Kenworth T800 LNG trucks help fleet bring cleaner air to California

Oct. 1, 2008
When outdoorsman Vic La Rosa is on vacation in Montana, hiking the hills and valleys to his favorite fishing holes and hunting grounds, he routinely stops

When outdoorsman Vic La Rosa is on vacation in Montana, hiking the hills and valleys to his favorite fishing holes and hunting grounds, he routinely stops and breathes in the clean, fresh air. As president of Total Transportation Services Inc. (TTSI), a drayage, warehouse, and transportation company in Rancho Dominguez CA, La Rosa is helping bring cleaner air to the Ports of Los Angeles and Long Beach and surrounding areas the fleet serves.

TTSI is operating eight Kenworth T800 liquefied natural gas (LNG) trucks, the first alternative fuel vehicles to operate in fulltime drayage service at the Ports of Los Angeles and Long Beach under the major Clean Trucks Program.

The eight Kenworth T800s are equipped with the LNG fuel system developed by Westport Innovations Inc. of Vancouver, British Columbia, and installed on the Cummins ISX 15-liter engine. The Kenworth trucks have Westport's High Pressure Direct Injection (HPDI) technology and use 5% diesel and 95% natural gas to power the drivetrain. Running on clean, low-carbon LNG fuel, TTSI will realize greenhouse gas emission reductions of approximately 20% and nitrogen oxide emissions reductions of more than 75% compared with the diesel vehicles being replaced, according to Westport Innovations.

La Rosa said TTSI expects drivers to realize significant savings in their fuel costs since LNG costs about 25 percent less per gallon than diesel fuel.
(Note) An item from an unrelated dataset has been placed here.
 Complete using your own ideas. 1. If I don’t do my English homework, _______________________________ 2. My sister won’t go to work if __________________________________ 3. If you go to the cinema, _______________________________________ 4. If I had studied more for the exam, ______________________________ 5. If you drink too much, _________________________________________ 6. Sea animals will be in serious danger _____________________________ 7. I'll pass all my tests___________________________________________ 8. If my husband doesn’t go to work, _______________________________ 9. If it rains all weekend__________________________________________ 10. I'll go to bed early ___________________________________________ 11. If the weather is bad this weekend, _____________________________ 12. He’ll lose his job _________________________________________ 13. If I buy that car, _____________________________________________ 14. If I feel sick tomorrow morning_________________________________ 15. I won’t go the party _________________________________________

Also, it appears the LNG trucks travel about the same or greater distance on natural gas as the company's diesel-powered trucks on a comparable amount of diesel fuel, he said.
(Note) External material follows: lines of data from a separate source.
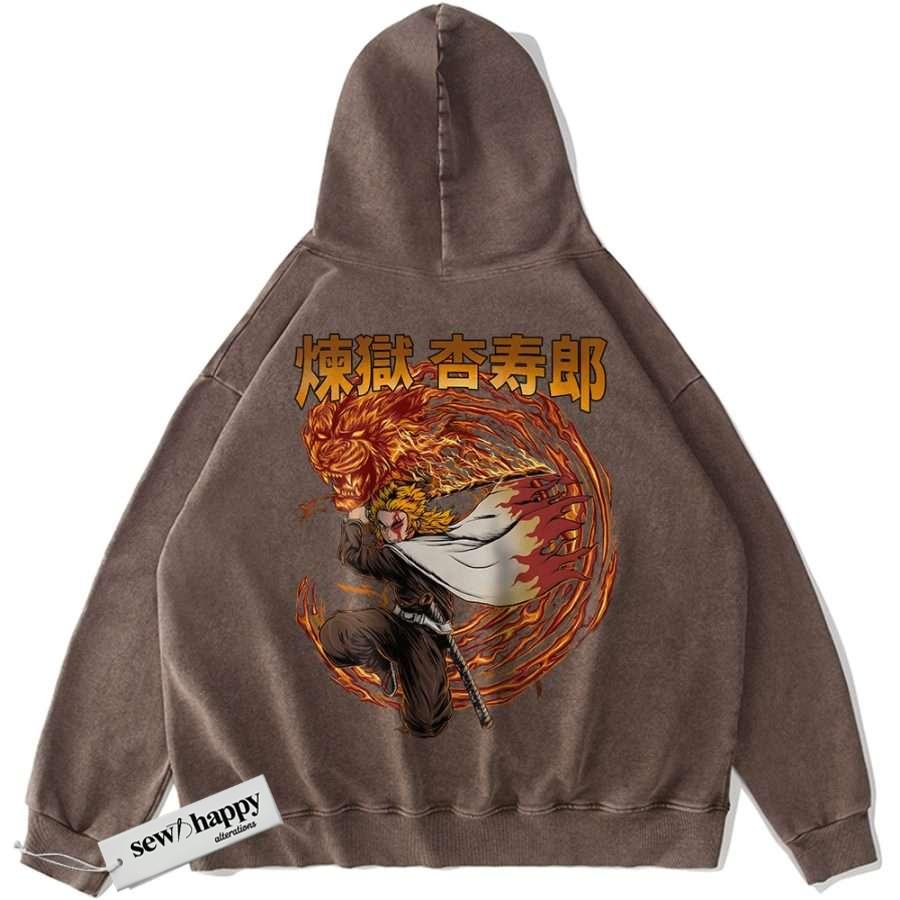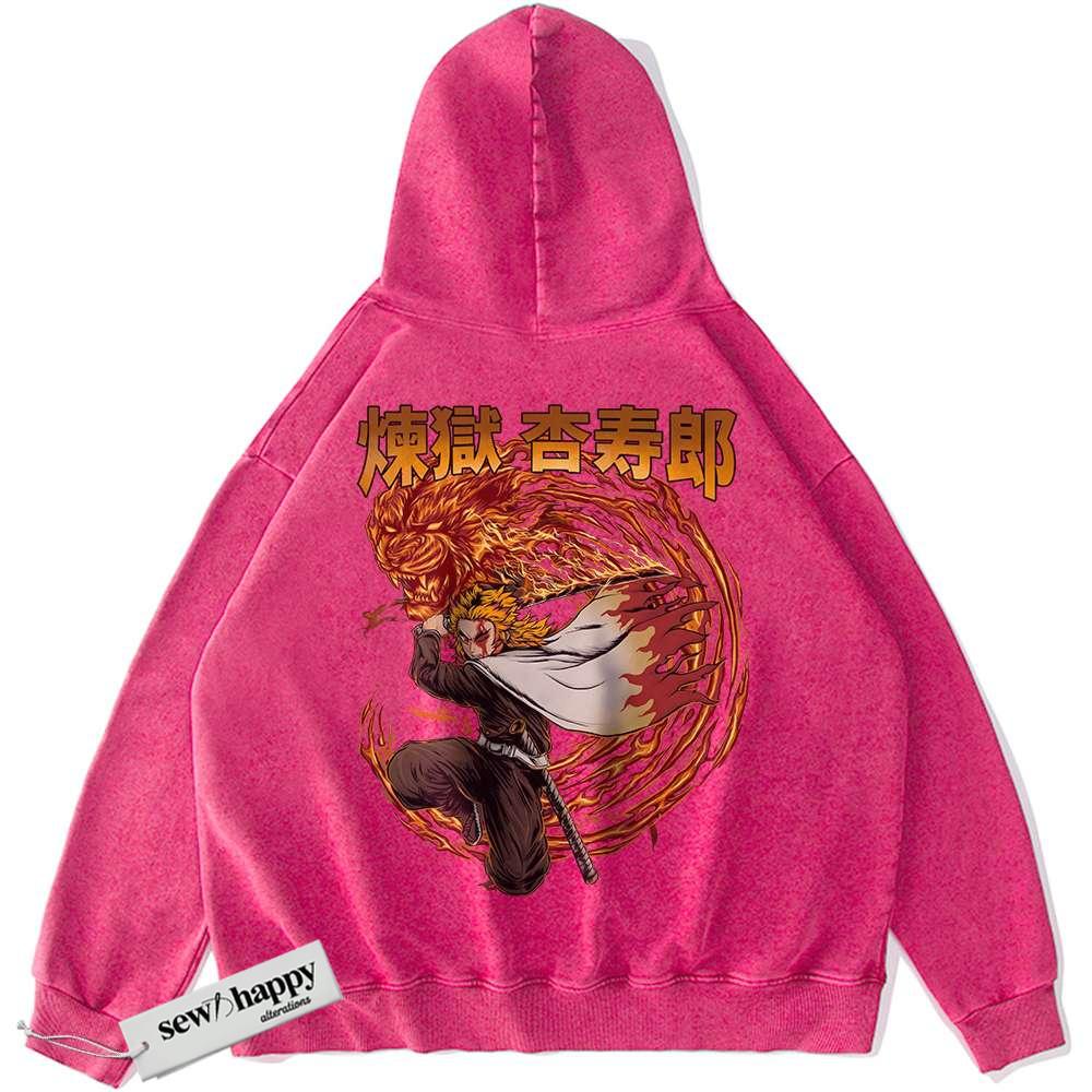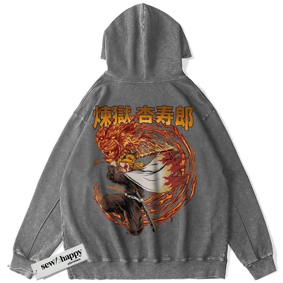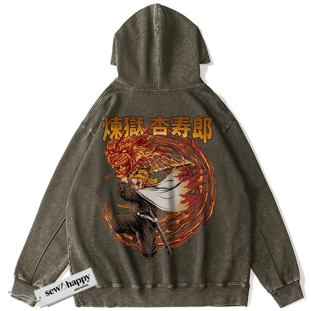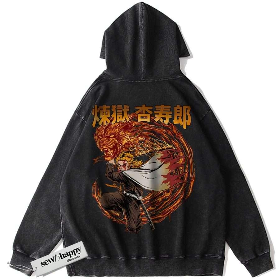 Wash Hoodie Kyojuro Rengoku Hoodie, Demon Slayer Hoodie, Anime Hoodie, Vintage Hoodie
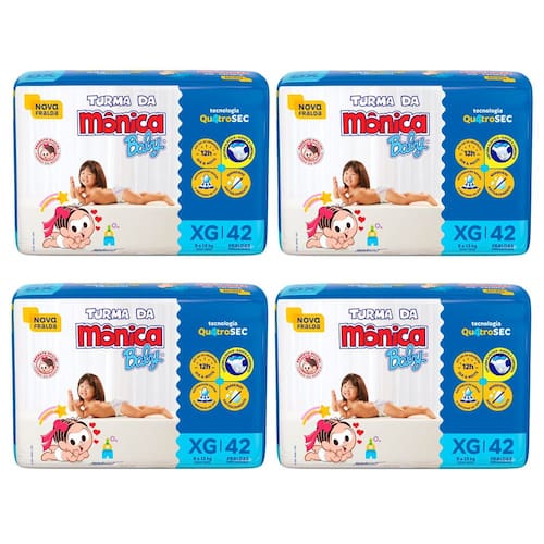 Fralda Infantil Turma da Mônica Baby Mega Tamanho XG A Turma da Mônica Baby uniu proteção e conforto em uma nova opção de fralda, para garantir que seu bebê cresça feliz e tenha as melhores lembranças da sua infância. A Nova fralda Turma da Mônica Baby possui a nova Tecnologia QuatroSec para que ele fique calmo, tranquilo e seguro durante o dia e a noite toda. Conta com um exclusivo sistema de canais que distribui mais rápido o xixi, barreiras anti-vazamento e uma fina camada extra que ajuda a manter o bebê sequinho por até 12 horas, além de cintura elástica que proporciona um perfeito ajuste no corpinho. A Nova fralda Turma da Mônica Baby possui a nova Tecnologia QuatroSec; com um exclusivo sistema de canais que distribui mais rápido o xixi, barreiras anti-vazamento e uma fina camada extra que ajuda a manter o bebê sequinho por até 12 horas, além de cintura elástica que proporciona um perfeito ajuste no corpinho. A Turma da Mônica Baby é uma marca de excelência no mercado de fraldas infantis há mais de 25 anos. A marca e sua turma estão presentes no coração dos brasileiros há mais de 3 gerações, e agora também faz parte do portfólio da Ontex. Os novos produtos foram pensados e elaborados para as mamães e os papais que, assim como nós, valorizam a tradição e os valores culturais aprendidos na infância, alinhado com o conforto e a qualidade dos produtos Turma da Mônica para seu bebê. Modo de uso: 1. Coloque o bebê sobre a fralda aberta com as fitas na parte traseira. 2. Abra as fitas agarradinhas e ajuste a fralda no corpinho do bebê posicionando as fitas sobre a faixa frontal branca. Ean: 7896012879849
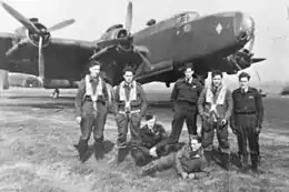 ![]() A No. 466 Squadron Halifax B.III with its crew after their return from a raid on Germany in January 1944 | |

These new Kenworth T800 LNG trucks are working so well that TTSI will take delivery of 30 more later, and plans to eventually replace half of its 300-truck fleet with the alternative fuel trucks, said La Rosa.

The T800 LNG trucks make an average of three round trips per day in and out of the ports and travel within a 60-mile radius of the ports in the greater Los Angeles area. La Rosa said access to fuel isn't an issue since Clean Energy installed an LNG-fueling station across the street from the company's main drayage facility in Rancho Dominguez.

Kenworth's T800 LNG engine has 450 horsepower and delivers 1,650 ft-lbs of torque.

Kenworth plans to go into full production of the Kenworth T800 LNG trucks in 2009 at the company's manufacturing facility in Renton WA.